Hello,
On 03/25/2011 07:13 PM, David Robillard wrote:
Sorry. I still have plenty of releases left on the
table before I have
time to get around to this stuff... and yes, I took a little break for a
change ;)
Okay, no problem. And congratulations to you and Stefano for the new releases.
I also should have mentioned I found an old radix tree
implementation of
mine that should be pretty solid. I will contrast/compare these when I
get the chance.
Okay. My implementation is pretty much experimental by the way. The remove()
function is broken, and I think it would be better to use a linked list
internally to avoid reallocs. And it needs some refactoring.
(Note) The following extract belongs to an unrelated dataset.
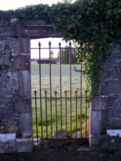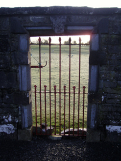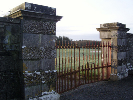 Gateway, extant 1894, on a symmetrical plan comprising pair of vermiculated-banded drag edged dragged limestone ashlar piers on moulded cushion courses on plinths having "Cavetto"-detailed cornices below capping supporting spear head-detailed cast-iron double gates with vermiculated-banded drag edged dragged limestone ashlar outer piers on moulded cushion courses on benchmark-inscribed plinths having monolithic stringcourses below capping. Now disused. Road fronted on a corner site at entrance to grounds of Towerhill House.

The radix tree is for interning URIs. You could also
use a hash table,
but hash tables are ugly and clunky IMO, I prefer more elegant
structures that grow organically (and radix trees are simple to
implement), and as mentioned we have many common prefixes here which
makes it a suitable choice.
Interning URIs is used to get a number to represent a URI string. This
is necessary for even remotely appropriate performance because it means
statement lookup is a series of integer comparisons, and not a series of
vastly more expensive (and redundant) string comparisons.
For a store of n statements with URIs of length k, a search will thus be
O(lg(n) + k). Without interning it would be O(k*lg(n)), and have more
fragmented memory access as well.
In regard to performance here is what I get when running the attached benchmark:
olivier@etoile:~/dev/lv2/sord/src$ ./radix_benchmark all_words.txt
Read 21110 words from all_words.txt
Inserted words into the radix tree in 17ms
Inserted words into the hash table in 8ms
Looked up all words from the radix tree in 9ms
Looked up all words from the hash table in 4ms
Removed all words from the radix tree in 11ms
Removed all words from the hash table in 8ms
It comares the performance of the GHashTable and my radix tree (on a quad core).
It's done using a 20k list of english words, which I think isn't very
appropriate, because it leads to a lot of single-character branches, and the
tree never gets deep. Given this, it performs reasonably well I think.
Anyway, if you need something more sophisticated and suited to your specific
needs, it's a bit hard for me to help you I think, because there may be many
details you're thinking about which I don't know.
So, right now, I suppose that I could remove the glib dependency for my own
needs, by using drop-in replacements for the hash table and sequence, even if
they're slow. I don't need such performance for parsing tiny LV2 files anyway.
--
Olivier